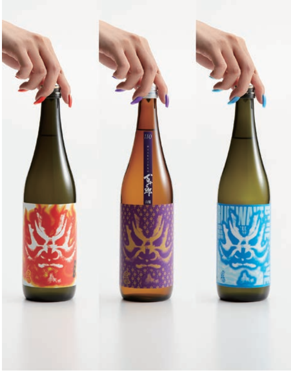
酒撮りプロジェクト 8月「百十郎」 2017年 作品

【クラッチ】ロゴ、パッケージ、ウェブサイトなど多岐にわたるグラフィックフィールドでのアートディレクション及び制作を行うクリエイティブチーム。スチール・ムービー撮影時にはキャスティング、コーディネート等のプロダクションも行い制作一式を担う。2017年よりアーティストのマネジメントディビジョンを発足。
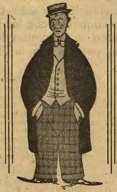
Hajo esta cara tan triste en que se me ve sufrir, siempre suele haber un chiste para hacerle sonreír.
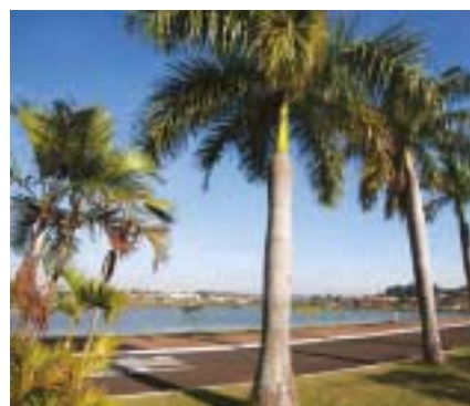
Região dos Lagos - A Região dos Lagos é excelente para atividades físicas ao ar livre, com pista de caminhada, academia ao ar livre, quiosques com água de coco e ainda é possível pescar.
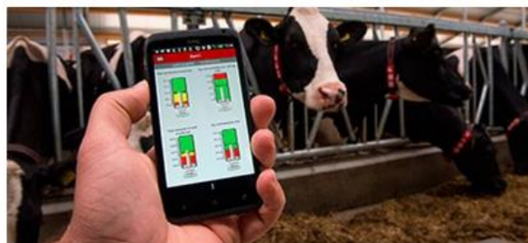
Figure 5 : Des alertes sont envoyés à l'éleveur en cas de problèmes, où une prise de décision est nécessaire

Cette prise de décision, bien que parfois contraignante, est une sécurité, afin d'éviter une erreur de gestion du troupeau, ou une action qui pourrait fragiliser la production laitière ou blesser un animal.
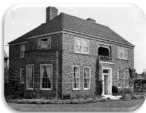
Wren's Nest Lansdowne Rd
#####
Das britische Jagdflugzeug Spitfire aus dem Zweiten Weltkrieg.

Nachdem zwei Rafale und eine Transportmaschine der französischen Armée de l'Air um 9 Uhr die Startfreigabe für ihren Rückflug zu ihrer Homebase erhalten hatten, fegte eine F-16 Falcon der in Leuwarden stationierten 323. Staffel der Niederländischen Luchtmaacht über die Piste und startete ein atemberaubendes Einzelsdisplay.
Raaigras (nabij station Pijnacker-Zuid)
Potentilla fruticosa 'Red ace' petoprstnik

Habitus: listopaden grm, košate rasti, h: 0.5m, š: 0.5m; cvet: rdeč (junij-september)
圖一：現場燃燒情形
#####
Lines from the one above containing "Região dos Lagos - A" down to the one containing "Wren's Nest Lansdowne Rd" should be transcribed exactly, with both ends kept and no pictures.

Região dos Lagos - A Região dos Lagos é excelente para atividades físicas ao ar livre, com pista de caminhada, academia ao ar livre, quiosques com água de coco e ainda é possível pescar.
Figure 5 : Des alertes sont envoyés à l'éleveur en cas de problèmes, où une prise de décision est nécessaire

Cette prise de décision, bien que parfois contraignante, est une sécurité, afin d'éviter une erreur de gestion du troupeau, ou une action qui pourrait fragiliser la production laitière ou blesser un animal.
Wren's Nest Lansdowne Rd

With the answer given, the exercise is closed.